A cat converter replacement averages around £310 in the UK, but a stolen or badly damaged one can push the bill past £1,000. Here's how to spot the warning signs early and avoid an MOT failure.

Your cat converter sits under the car, quietly turning toxic exhaust gases into less harmful ones. When it starts to fail, your wallet feels it first. Fixaroo's repair guides see this fault crop up constantly, and the numbers tell you why drivers care: in the UK in 2025, the cost of replacing a catalytic converter generally ranges from £150 to £900, with an average around £310 depending on vehicle make, model, and labour charges. Catch the symptoms early, you spend less. Ignore them, and you risk an MOT failure, a £1,000 fine, or a sky-high repair bill.

This guide walks you through what the part does, the symptoms that point straight at it, how UK garages diagnose the fault, what replacement actually costs in 2026, and what to do if yours gets sawn off in the night. UK-specific. No fluff.

What a cat converter actually does

The catalytic converter (everyone calls it the "cat") is a chemical filter bolted into your exhaust. Inside is a ceramic honeycomb coated with three precious metals: platinum, palladium, and rhodium. These metals help convert toxic gases from your engine into safer emissions. Carbon monoxide becomes carbon dioxide. Nitrogen oxides get broken down. Unburnt hydrocarbons get burned off.

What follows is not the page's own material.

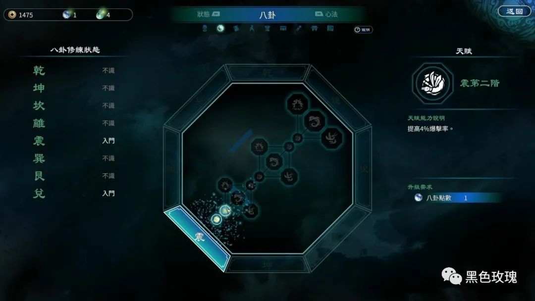 而“八卦”的概念则被继续保留了下来,作为人物主要的成长系统。比起前作“雨露均沾”式的八卦加点,本作由于点数有限,则更加要求玩家专精于一两门卦象。

Why does this matter legally? Every petrol car sold in the UK since 1993 (and diesel vehicles since 2001) must have a functioning catalytic converter to meet emissions standards. No working cat, no MOT. No MOT, no road tax, no insurance, no driving.

Symptoms of a failing cat converter

A dying cat rarely shouts. It mumbles. The signs creep up over weeks or months, and many drivers only notice when the MOT tester hands them a fail sheet. Watch for these:

  • Rotten egg smell from the exhaust. Sulphur compounds aren't being broken down properly. Classic sign.
  • Sluggish acceleration, especially uphill. A blocked cat strangles exhaust flow. One of the most common signs that your car's convertor is failing due to a blockage, is loss of power when accelerating, particularly when going up a hill.
  • Check engine light on the dash. Modern cars throw fault code P0420 ("catalyst efficiency below threshold") when the cat's struggling.
  • Rattle from underneath at idle. The internal honeycomb has broken up. You can sometimes hear it shake when you tap the exhaust.
  • Dark or sulphurous exhaust smoke.
  • MOT emissions failure with no other obvious cause.
  • Worse fuel economy. A clogged cat forces the engine to work harder for the same output.
Worth knowing: The check engine light alone isn't a cat verdict. Never replace a catalytic converter without proper diagnostics. Many drivers across London spend thousands unnecessarily when the issue was actually a sensor. Ask for a fault-code read first. A lambda sensor is far cheaper to swap.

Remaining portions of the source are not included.